Below are records with pictures. Reproduce exactly the lines from the line with "Ankarspelspaket från Quick." to the line with "셋팅밸브 ①을 개방하면", inclusive, and leave each picture out.

→ **DATASET RECORDS**:
-.-.-
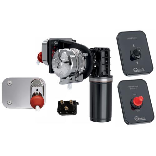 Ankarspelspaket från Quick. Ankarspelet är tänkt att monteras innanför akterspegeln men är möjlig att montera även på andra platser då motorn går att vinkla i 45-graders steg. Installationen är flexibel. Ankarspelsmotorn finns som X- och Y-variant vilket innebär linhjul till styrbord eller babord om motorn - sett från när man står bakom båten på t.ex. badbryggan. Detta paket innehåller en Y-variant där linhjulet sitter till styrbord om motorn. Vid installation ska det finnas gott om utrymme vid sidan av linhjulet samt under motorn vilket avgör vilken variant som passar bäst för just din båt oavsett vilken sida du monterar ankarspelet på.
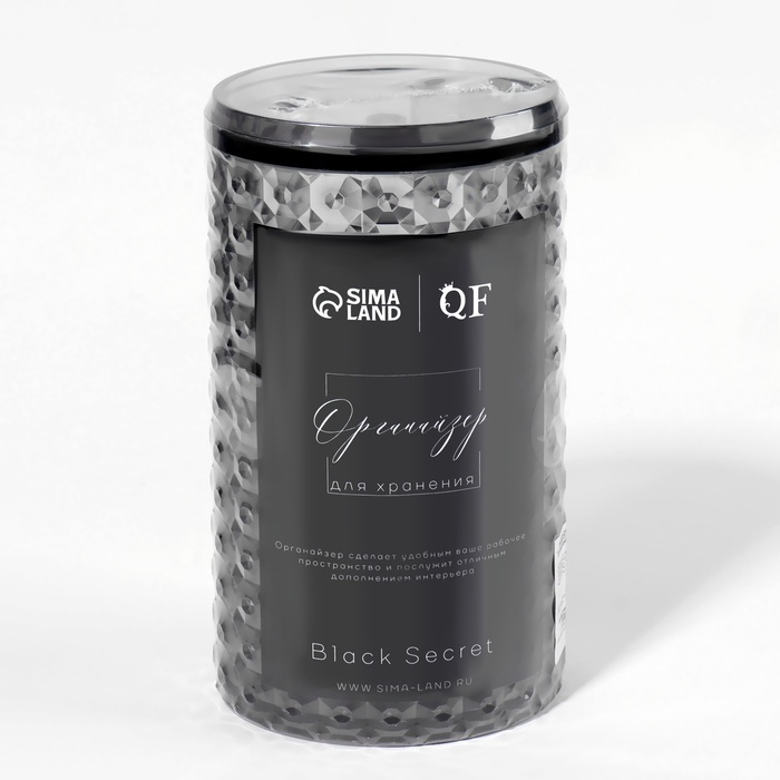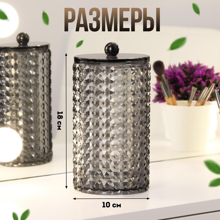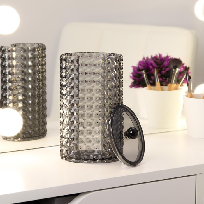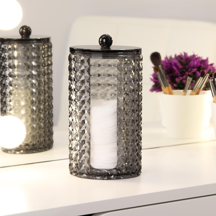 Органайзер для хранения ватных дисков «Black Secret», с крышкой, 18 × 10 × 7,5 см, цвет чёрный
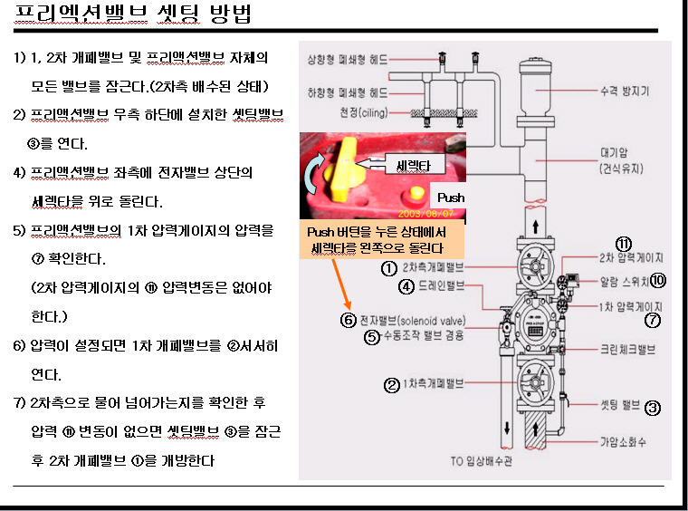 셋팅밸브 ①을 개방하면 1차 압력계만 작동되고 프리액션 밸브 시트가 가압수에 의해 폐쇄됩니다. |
-.-.-
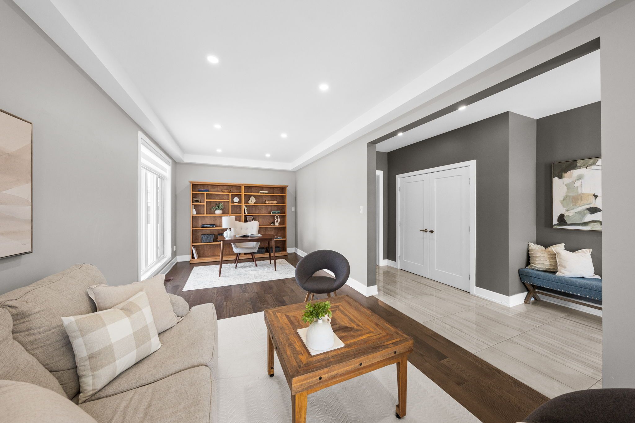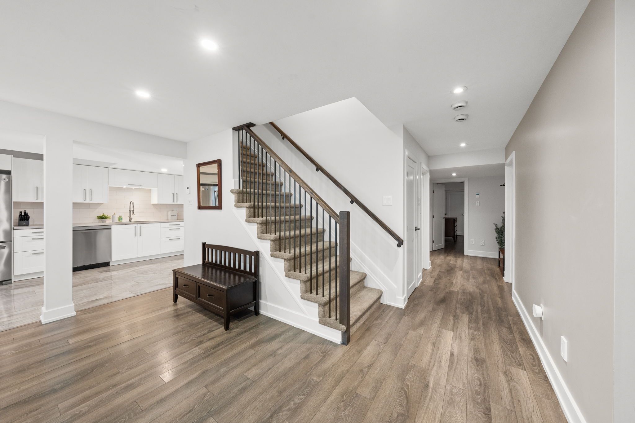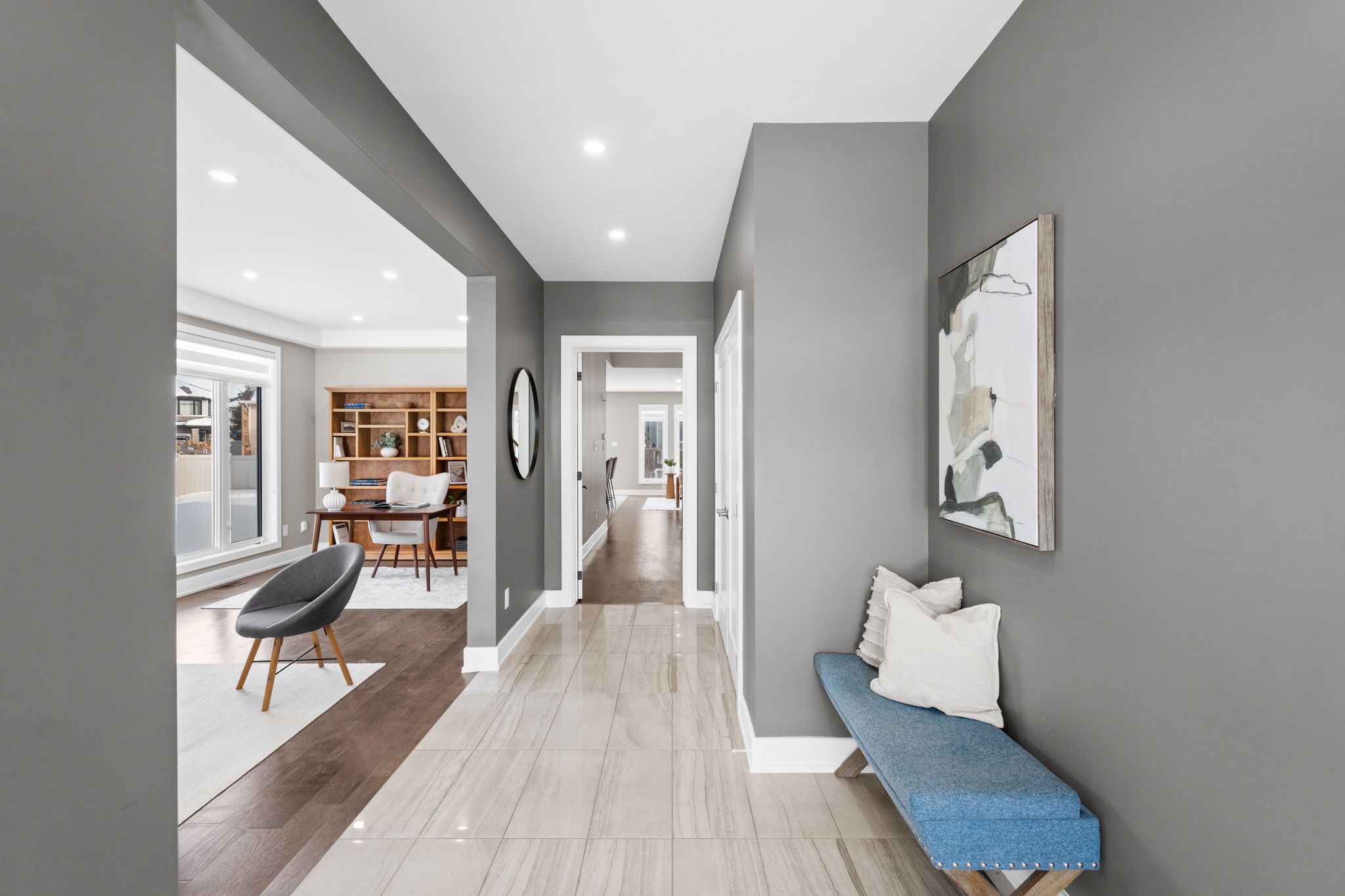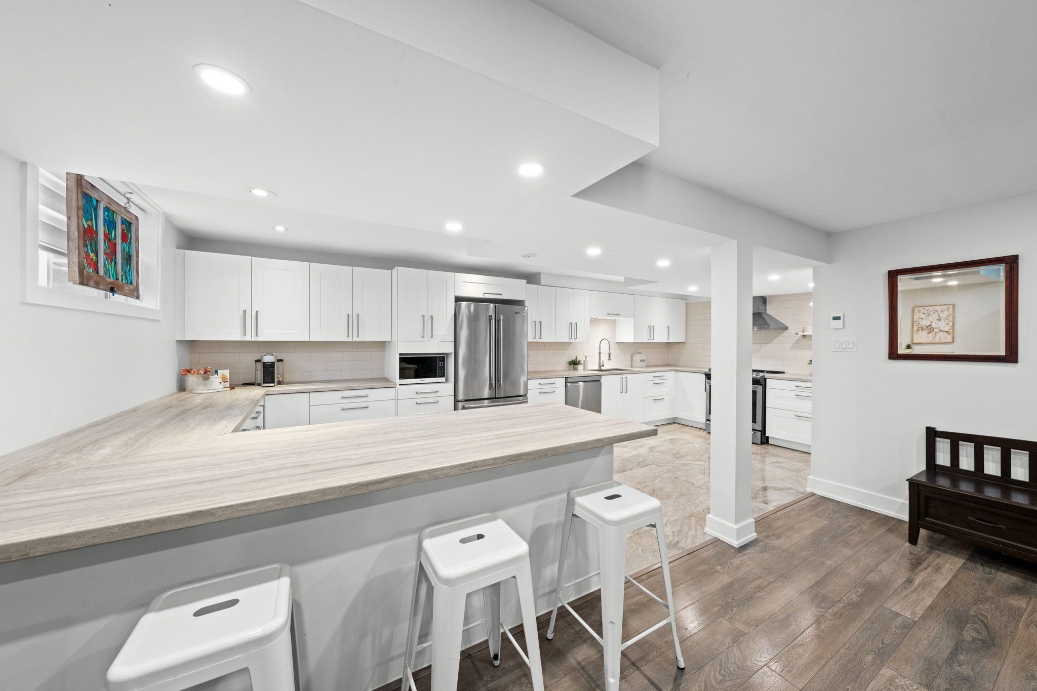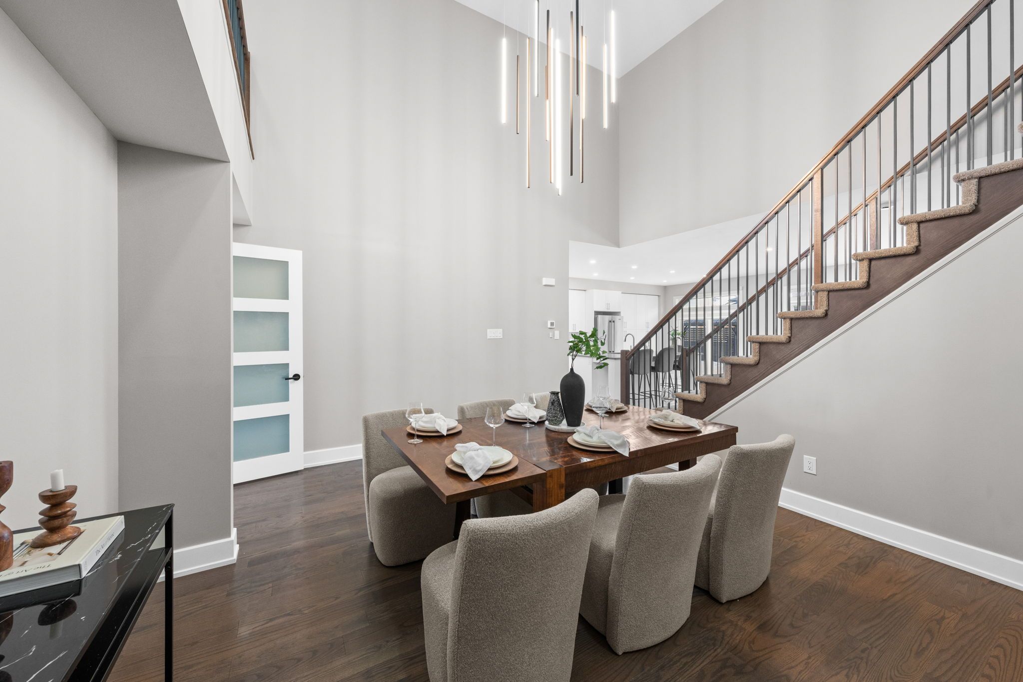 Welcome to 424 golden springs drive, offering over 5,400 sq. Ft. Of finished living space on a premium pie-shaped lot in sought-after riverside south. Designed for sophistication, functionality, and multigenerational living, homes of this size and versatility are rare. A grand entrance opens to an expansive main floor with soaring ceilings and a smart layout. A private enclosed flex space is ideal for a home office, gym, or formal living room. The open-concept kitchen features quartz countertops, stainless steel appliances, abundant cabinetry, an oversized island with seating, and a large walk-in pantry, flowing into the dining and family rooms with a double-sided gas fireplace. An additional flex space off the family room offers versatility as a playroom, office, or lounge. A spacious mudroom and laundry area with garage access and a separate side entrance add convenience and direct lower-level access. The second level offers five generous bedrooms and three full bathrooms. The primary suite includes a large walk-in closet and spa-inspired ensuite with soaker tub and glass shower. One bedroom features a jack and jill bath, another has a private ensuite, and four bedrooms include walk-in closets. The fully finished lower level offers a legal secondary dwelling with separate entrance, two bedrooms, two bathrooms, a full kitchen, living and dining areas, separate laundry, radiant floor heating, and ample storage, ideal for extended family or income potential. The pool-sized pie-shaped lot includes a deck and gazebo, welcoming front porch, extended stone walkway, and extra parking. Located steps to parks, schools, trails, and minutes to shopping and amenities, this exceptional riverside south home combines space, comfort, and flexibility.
-.-.-
→ **EXPECTED ANSWER**:
 Ankarspelspaket från Quick. Ankarspelet är tänkt att monteras innanför akterspegeln men är möjlig att montera även på andra platser då motorn går att vinkla i 45-graders steg. Installationen är flexibel. Ankarspelsmotorn finns som X- och Y-variant vilket innebär linhjul till styrbord eller babord om motorn - sett från när man står bakom båten på t.ex. badbryggan. Detta paket innehåller en Y-variant där linhjulet sitter till styrbord om motorn. Vid installation ska det finnas gott om utrymme vid sidan av linhjulet samt under motorn vilket avgör vilken variant som passar bäst för just din båt oavsett vilken sida du monterar ankarspelet på.
 Органайзер для хранения ватных дисков «Black Secret», с крышкой, 18 × 10 × 7,5 см, цвет чёрный
 셋팅밸브 ①을 개방하면 1차 압력계만 작동되고 프리액션 밸브 시트가 가압수에 의해 폐쇄됩니다. |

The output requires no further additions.